DATASET CONTENT:

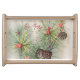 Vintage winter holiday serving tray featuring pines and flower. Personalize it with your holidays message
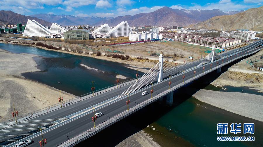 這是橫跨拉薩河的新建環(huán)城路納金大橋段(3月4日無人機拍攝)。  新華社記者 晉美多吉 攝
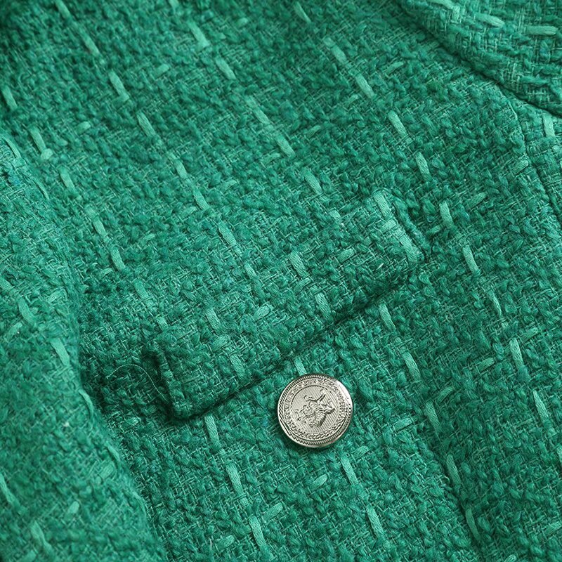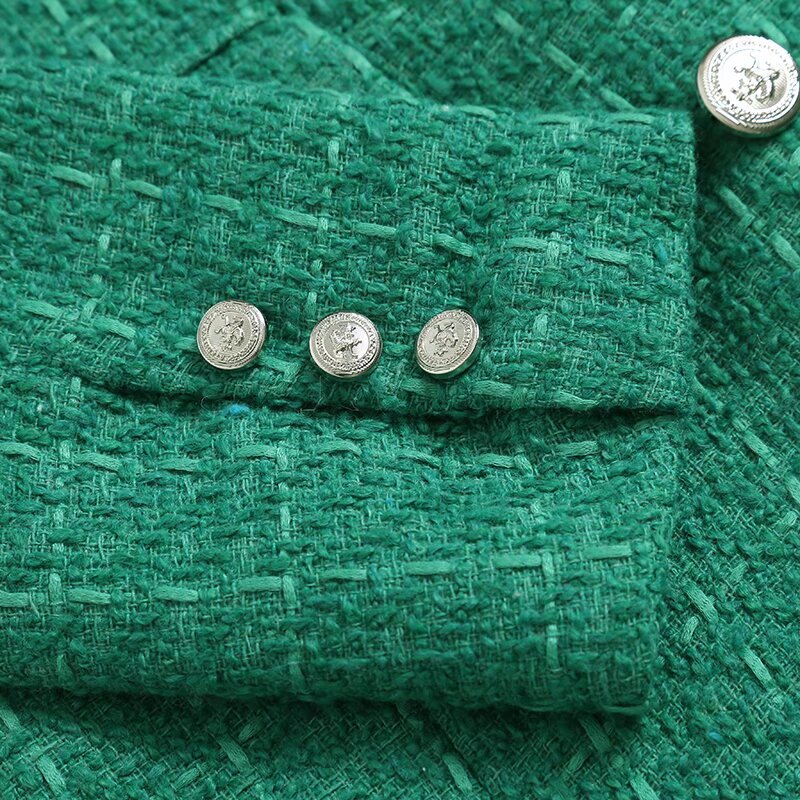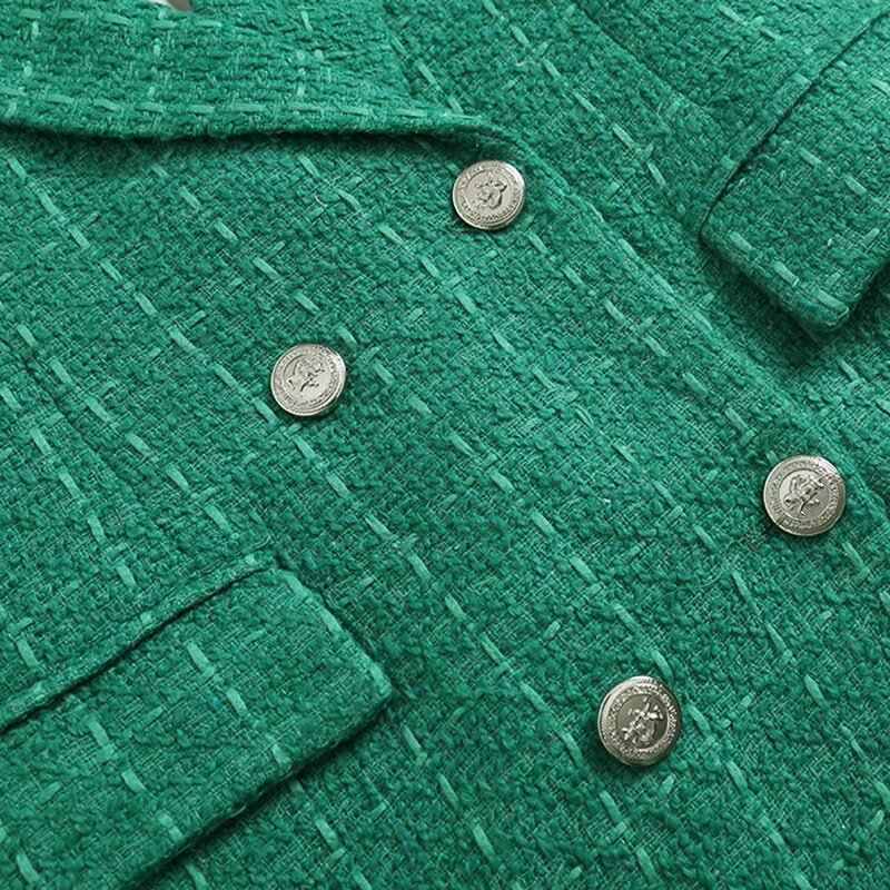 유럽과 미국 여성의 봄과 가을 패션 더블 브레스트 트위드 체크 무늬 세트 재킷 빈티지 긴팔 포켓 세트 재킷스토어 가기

YOUR GOAL:
What you return should match the material line for line, with the images removed.

RESULT:
 Vintage winter holiday serving tray featuring pines and flower. Personalize it with your holidays message
 這是橫跨拉薩河的新建環(huán)城路納金大橋段(3月4日無人機拍攝)。  新華社記者 晉美多吉 攝
 유럽과 미국 여성의 봄과 가을 패션 더블 브레스트 트위드 체크 무늬 세트 재킷 빈티지 긴팔 포켓 세트 재킷스토어 가기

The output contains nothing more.